Arthrosc Sports Med Rehabil ; 2(3): e207-e212, 2020 Jun.
Artigo em Inglês | MEDLINE | ID: mdl-32548585

RESUMO

PURPOSE: To determine how well the orthopaedic sports medicine literature reported sex-specific analysis (SSA) in 2011 and 2016. METHODS: The 3 highest-impact orthopaedic sports medicine subspecialty journals (American Journal of Sports Medicine; Arthroscopy; and Knee Surgery, Sports Traumatology, Arthroscopy) were selected for review. Two independent investigators reviewed all journal issues published during 2 different calendar years (2011 and 2016). All randomized controlled, prospective and retrospective group, and case-control studies were included. Studies were stratified into those that involved SSA, where sex was a variable in a multifactorial statistical model, and those that only reported sex as a demographic characteristic or used sex-matched groups without further analysis. RESULTS: A total of 960 studies evaluating 3,400,569 patients met criteria and were included in this review. Although 44.4% of the overall study population was female, only 293 (30.5%) studies included patient sex as variable in a multifactorial statistical model. The proportion of studies that performed SSA did not differ between 2011 (29.6%) and 2016 (31.1%; P = .607), although publications from American Journal of Sports Medicine were likely to report SSA (P < .05). Of the 293 studies that reported SSA, 91 (31%) demonstrated a significant difference in outcomes. The most commonly reported differences were in outcomes following anterior cruciate ligament, medial patellofemoral ligament, and posterior cruciate ligament reconstruction; autograft preparation; postoperative use of opiates following arthroscopy; and recovery after sports-related concussions. CONCLUSIONS: Although most sports medicine studies include approximately 50% female and 50% male patients, statistical analysis differentiating the 2 subsets is not routinely performed.
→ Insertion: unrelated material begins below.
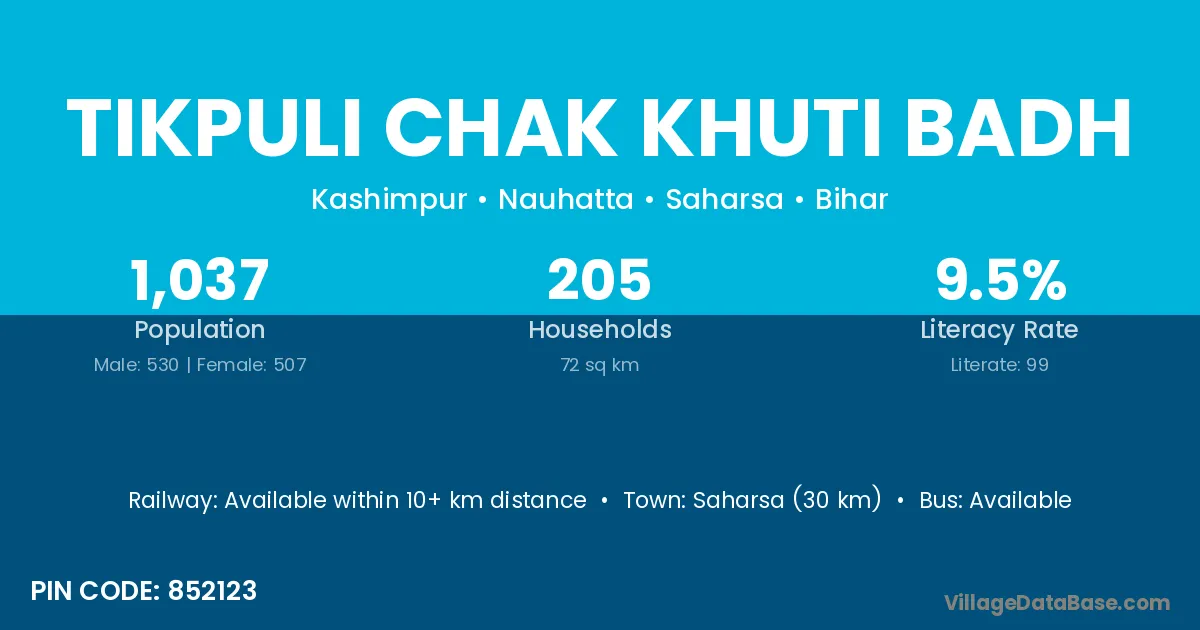 Saharsa (30 km) is the nearest town to Tikpuli Chak Khuti Badh village for major economic activities and is located approximately 30 km away.

Only 30.5% of all studies performed SSA, 31% of which reported a statistically significant difference in the data when comparing outcomes between male and female patients with the same treatment modalities. CLINICAL RELEVANCE: The current study demonstrates that the orthopaedic sports medicine subspecialty literature is lacking in reporting SSA, and that there has been minimal improvement over a 5-year time period. In addition, this study highlights the high percentage of significant findings within the studies that performed SSA and underscores the differences in sex-specific injury patterns and treatment outcomes.